=== WHAT THE TASK ASKS ===
Write out only the opening lines of the entries, through the line with "ケース径32mmのレディース".

[Extracted records]
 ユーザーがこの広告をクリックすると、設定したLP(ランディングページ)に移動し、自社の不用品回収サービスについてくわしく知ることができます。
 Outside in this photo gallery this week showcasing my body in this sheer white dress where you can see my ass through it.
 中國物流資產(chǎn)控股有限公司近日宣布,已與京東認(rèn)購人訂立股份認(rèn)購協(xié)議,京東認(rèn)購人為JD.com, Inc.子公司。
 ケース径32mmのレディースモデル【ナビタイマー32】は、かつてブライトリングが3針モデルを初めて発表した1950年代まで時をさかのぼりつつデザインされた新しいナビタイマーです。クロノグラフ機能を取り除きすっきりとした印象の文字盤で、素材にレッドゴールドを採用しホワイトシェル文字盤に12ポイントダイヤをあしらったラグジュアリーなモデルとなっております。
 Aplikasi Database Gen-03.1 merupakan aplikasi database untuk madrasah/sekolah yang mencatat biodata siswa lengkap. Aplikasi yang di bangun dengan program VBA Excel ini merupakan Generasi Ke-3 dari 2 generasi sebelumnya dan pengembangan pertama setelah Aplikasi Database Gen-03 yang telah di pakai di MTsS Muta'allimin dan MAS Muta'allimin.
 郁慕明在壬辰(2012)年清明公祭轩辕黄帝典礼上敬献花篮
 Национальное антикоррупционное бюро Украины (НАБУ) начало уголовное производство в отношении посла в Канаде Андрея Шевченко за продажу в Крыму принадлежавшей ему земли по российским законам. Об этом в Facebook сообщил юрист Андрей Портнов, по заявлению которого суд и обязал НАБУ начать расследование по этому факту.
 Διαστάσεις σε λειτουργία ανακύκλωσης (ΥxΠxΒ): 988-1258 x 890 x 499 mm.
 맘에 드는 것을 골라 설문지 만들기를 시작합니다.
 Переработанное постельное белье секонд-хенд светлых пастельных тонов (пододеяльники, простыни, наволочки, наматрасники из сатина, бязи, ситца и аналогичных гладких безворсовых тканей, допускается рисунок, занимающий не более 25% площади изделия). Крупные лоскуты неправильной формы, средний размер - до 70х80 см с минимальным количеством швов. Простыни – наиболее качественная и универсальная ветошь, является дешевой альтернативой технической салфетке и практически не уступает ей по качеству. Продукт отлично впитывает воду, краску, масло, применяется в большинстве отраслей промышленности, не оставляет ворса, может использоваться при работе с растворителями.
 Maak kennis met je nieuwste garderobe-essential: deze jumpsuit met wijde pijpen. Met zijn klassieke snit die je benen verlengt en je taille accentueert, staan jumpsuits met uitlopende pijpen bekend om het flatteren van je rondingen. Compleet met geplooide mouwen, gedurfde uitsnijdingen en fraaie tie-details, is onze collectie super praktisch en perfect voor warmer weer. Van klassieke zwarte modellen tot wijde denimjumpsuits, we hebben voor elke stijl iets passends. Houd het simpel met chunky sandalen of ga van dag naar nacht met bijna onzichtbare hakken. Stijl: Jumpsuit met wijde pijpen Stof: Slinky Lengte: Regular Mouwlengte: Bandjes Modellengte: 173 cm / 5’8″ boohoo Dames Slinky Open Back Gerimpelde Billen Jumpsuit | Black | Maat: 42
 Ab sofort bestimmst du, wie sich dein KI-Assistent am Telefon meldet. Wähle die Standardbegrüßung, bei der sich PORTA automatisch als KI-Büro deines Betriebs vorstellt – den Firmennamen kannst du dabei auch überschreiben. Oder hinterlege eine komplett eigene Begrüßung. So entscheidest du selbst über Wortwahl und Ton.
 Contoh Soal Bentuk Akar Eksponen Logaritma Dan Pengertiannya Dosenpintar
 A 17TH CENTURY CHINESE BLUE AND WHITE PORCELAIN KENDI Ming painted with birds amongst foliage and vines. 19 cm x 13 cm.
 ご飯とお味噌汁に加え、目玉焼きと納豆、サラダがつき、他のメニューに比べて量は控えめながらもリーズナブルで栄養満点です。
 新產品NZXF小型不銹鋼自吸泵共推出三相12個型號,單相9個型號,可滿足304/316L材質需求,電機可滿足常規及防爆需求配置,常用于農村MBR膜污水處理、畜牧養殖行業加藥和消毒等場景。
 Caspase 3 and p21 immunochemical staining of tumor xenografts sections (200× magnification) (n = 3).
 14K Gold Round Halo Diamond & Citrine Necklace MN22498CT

=== EXPECTED ANSWER ===
 ユーザーがこの広告をクリックすると、設定したLP(ランディングページ)に移動し、自社の不用品回収サービスについてくわしく知ることができます。
 Outside in this photo gallery this week showcasing my body in this sheer white dress where you can see my ass through it.
 中國物流資產(chǎn)控股有限公司近日宣布,已與京東認(rèn)購人訂立股份認(rèn)購協(xié)議,京東認(rèn)購人為JD.com, Inc.子公司。
 ケース径32mmのレディースモデル【ナビタイマー32】は、かつてブライトリングが3針モデルを初めて発表した1950年代まで時をさかのぼりつつデザインされた新しいナビタイマーです。クロノグラフ機能を取り除きすっきりとした印象の文字盤で、素材にレッドゴールドを採用しホワイトシェル文字盤に12ポイントダイヤをあしらったラグジュアリーなモデルとなっております。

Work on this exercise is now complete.